The logic here seems to be that games against top teams are very tricky because they are good teams with some of the most highly talented footballers in the world playing for them - whilst games against teams in the bottom half of the table are very tricky because they are desperately scrapping for their survival in a highly competitive environment.

This is, of course, true - and leads us to inescapable conclusion that every game in the Premier League is a hard game.  So why obsess over it?

Why do we continually point at the next game, or the next three games, or the last however-many games, and solemnly intone that 'these are hard fixtures' - when we know that the same could be said of any given run of games in any season.  There are no easy matches in the Premier League - everyone knows that - and those fixtures against the really world-class teams who completely destroy you all over the field are inevitable, whenever they occur in the season.

So, let's stop barking up this entirely unsatisfying tree.

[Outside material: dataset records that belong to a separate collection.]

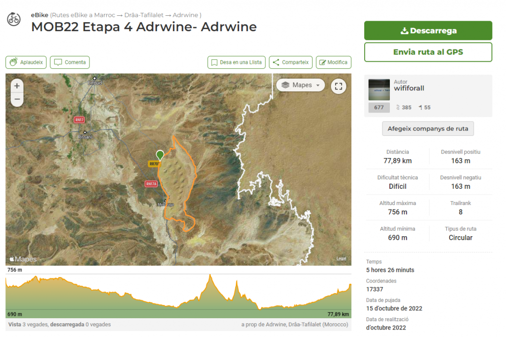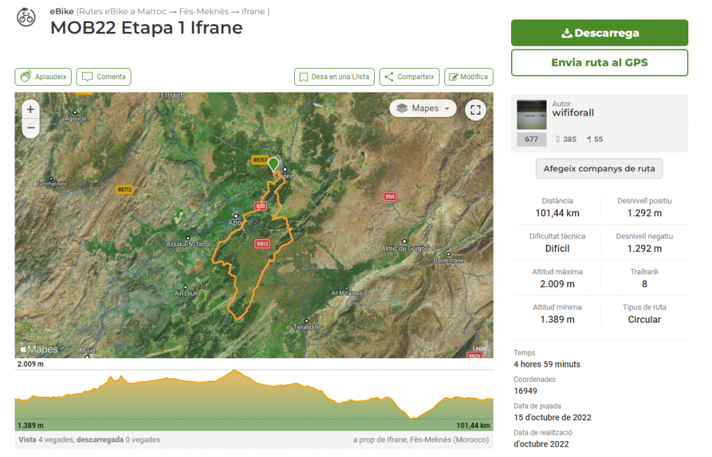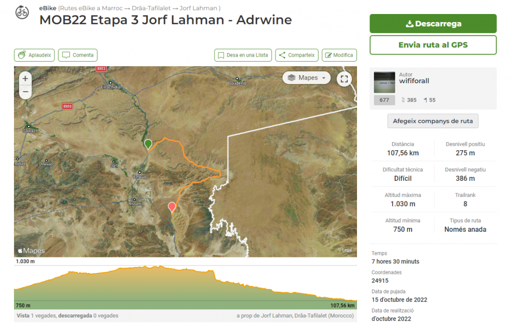 Fueron 5 Etapas de bicicleta de montaña donde se combinaron duras rampas los dos primero días, largas llanuras y mucha arena. Este año, curiosamente apareció la lluvia, un poco de frío y muy poco calor. Se hizo muy llevadero. Las dos primeras alrededor de Ifrane, por los bosques de cedros y monos. La ruta transcurre por el parque nacional y recorre diversas pista de un entorno verde-seco ( curioso), protegido.
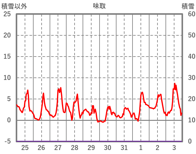 | 日 | 時 | 気温 | 降水 | 風向/風速 | 日照 | 積雪 | 降雪 |
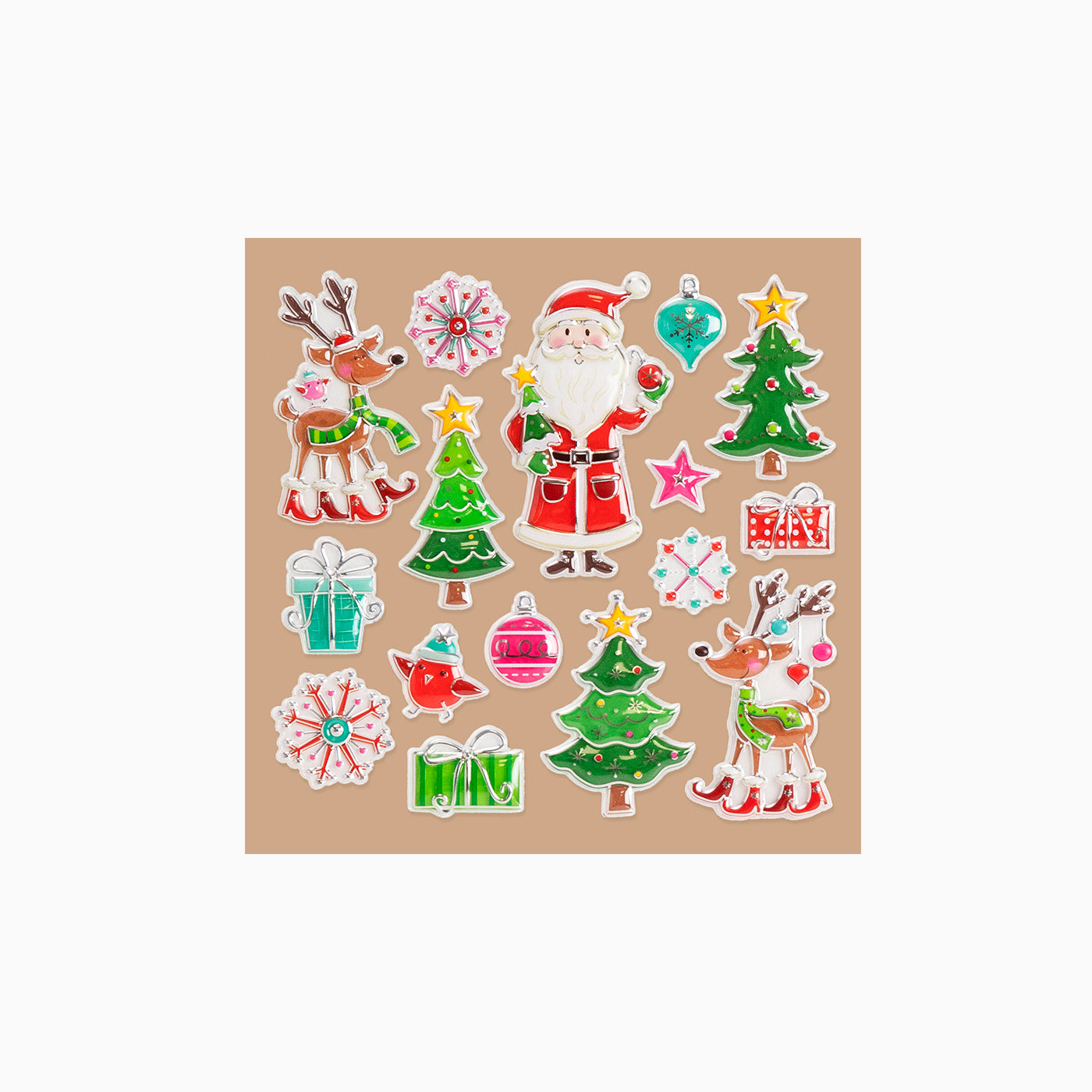 Estas pegatinas en concreto tienen diversos diseños que incluyen tres arboles de navidad con distinta decoración, un Papá Noel, dos simpáticos renos y múltiples accesorios navideños.

I think we're all aware that there have been issues with Norwich's performances this season.  All too often, we have played well, but not got the result we deserved; or we have played poorly and got the result we deserve; or we have started well, gone ahead by one goal, and then let the lead slip and ended up losing.  We are not creative enough on the pitch, and our strikers have not been scoring at the rate we need.  The extent to which these issues are down to bad management is still open for debate, and not something I'm going to discuss here.

But I still believe that we are not one of the three worst teams in the division.  We are in a precarious position, and it would be wrong to kid ourselves otherwise - but I think we have a decent chance of staying up.  To do that, we need to pick up points; how we get them, or against whom, is entirely irrelevant - but poring over our fixture list with tears in our eyes, writing 'tough game' against each date in thick red marker pen won't help at all.

We know these games are going to be difficult - we've accepted that fact - now let's not fixate on that fact, let's focus on the football.